Elle s’égare dans les méandres de sa pensée et de ses préoccupations. Revenons à son programme du jour : passer chez les bouquinistes pour trouver des livres de poétesses. Et flâner un peu en ville, peut-être, à la recherche de ces brins de nouveautés qui éclairent l’existence, comme des petits bouts de laine rouge entre les gens, qui tissent une jolie écharpe de rencontres en rencontres, à chaque fois que l’on se dévoile un peu davantage.

Tiens, sa boutique du livre préférée est ouverte, à la Rue des Chavannes. Pendant longtemps, cette échoppe a été tenue par une femme. Elle aimait bien s’y rendre et trouver des trésors littéraires inattendus.

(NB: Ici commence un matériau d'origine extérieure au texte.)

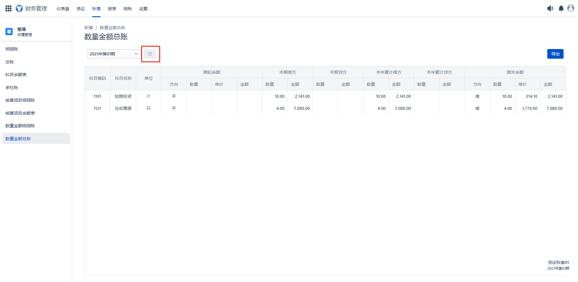 点击数量金额总账表顶部刷新按钮符号,刷新数量金额总账账列表数据,显示为最新数据信息。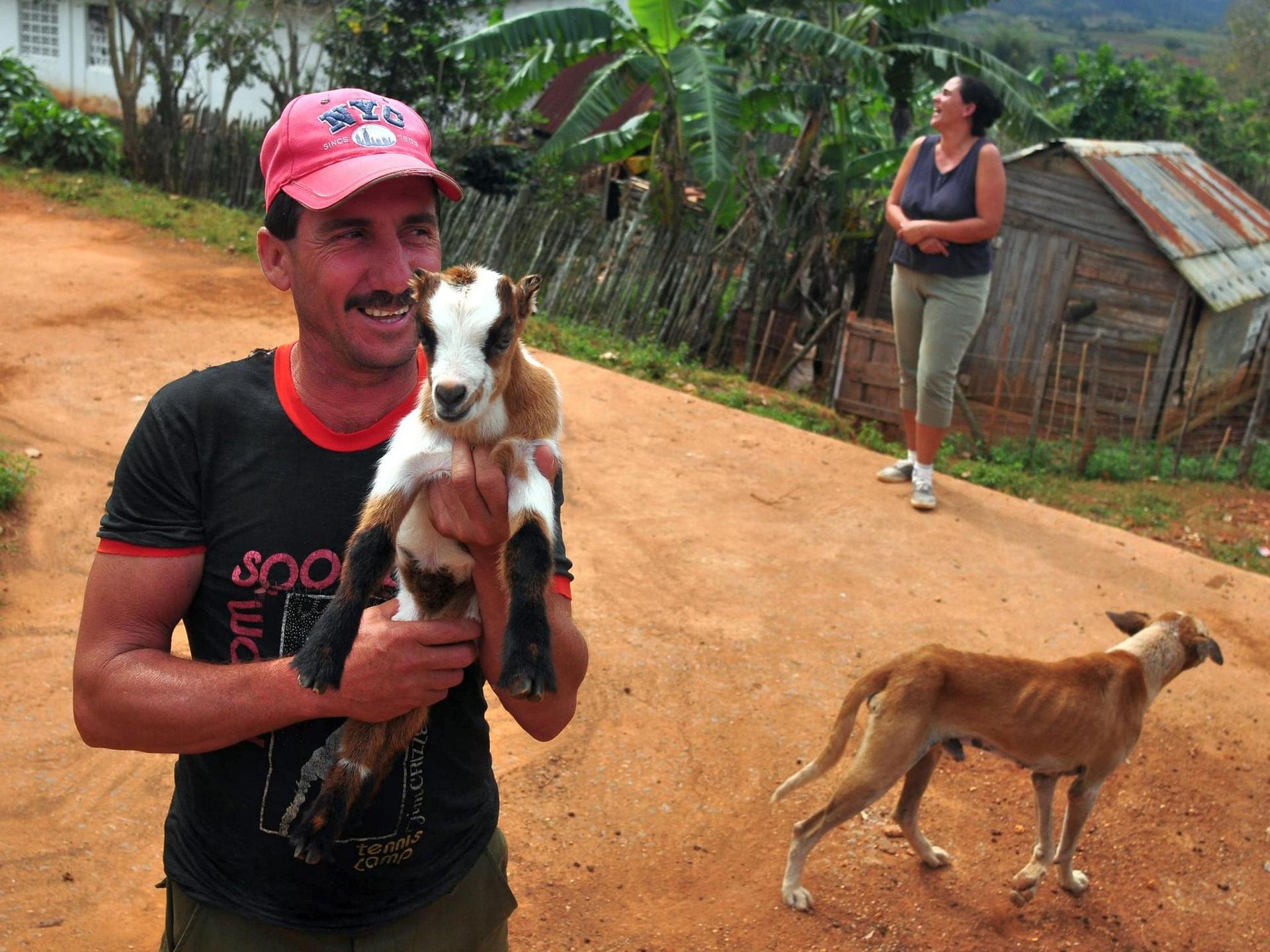 Frumusețea tăcută și blândă a decorului luxuriant te îndemna să pășești pe cărăruile dintre parcele cu smerenie, să faci doar mișcări atente, moi. Vegetația era un spectacol, la fel peisajul cu câmpurile aluviale presărate de acele formațiuni calcaroase tipice zonei denumite mogotes, delușoare îndrăznețe și ascuțite la vârf, aidoma unor cușme de țăran din Ardeal înălțându-se ici-colo din pământul roșiatic. De cafea nu am dat, în schimb am descoperit câmpuri de diverse culturi, în speță cartofi dulci, trestie de zahăr și tutun. Nuanțele diferite de verde ale parcelelor delimitate de drumuri agricole creau un efect aparte, iar fundalul era asigurat de palmieri în vânt și tufe de plante grase.

Depuis peu (on parle d’années malgré tout), c’est un homme qui a repris l’affaire et qui l’anime de manifestations littéraires toutes plus colorées les unes que les autres. C’est frais et ça redonne vie à une littérature parfois un peu oubliée. Un poète qui déclame, un écrivain qui lit, c’est peut-être aussi ça l’avenir de la littérature.

Quand on pénètre à l’intérieur, on a l’impression d’entrer dans une caverne d’Ali Baba littéraire. On franchit la porte et on se retrouve dans un très long couloir rempli d’étagères de part et d’autre. Des murs-étagères ou des étagères qui sont devenues des murs, on ne sait plus trop. Bien entendu remplies de livres de tous les genres, cela va de soi, on hésite presque à le dire. La poésie se trouve au début à gauche en entrant, une place de choix.

C’est un peu sombre et cela ajoute encore au mystère de la découverte des livres peu ou moins courants. Quand on parvient au centre névralgique, il y a encore 2 salles pleines de livres. Que de fois n’y a-t-elle pas attrapé un ouvrage oublié ou jamais lu. Elle sait qu’elle a plus de plaisir à lire un livre déjà aimé (ou détesté peut-être). Elle le sauve et préserve la planète aussi comme ça.

Elle a déniché quelques nouveaux livres de poésie, mais peu de poétesses. C’est vraiment le reflet de la société. Elle decide alors de se rendre dans l’autre boutique de livres, plutôt des anciens et recherchés. Le constat est identique, il faut chercher les poétesses avec une loupe de géant. Elle repart malgré tout avec un joli butin : des recueils de poésie de Mousse Boulanger, Pierrette Micheloud (même le correcteur orthographique pense au masculin et ne connaît ni le mot sculptrice, ni le prénom Pierrette), Francine Clavien et une belle édition de 1934 de la poésie d’Alice de Chambrier.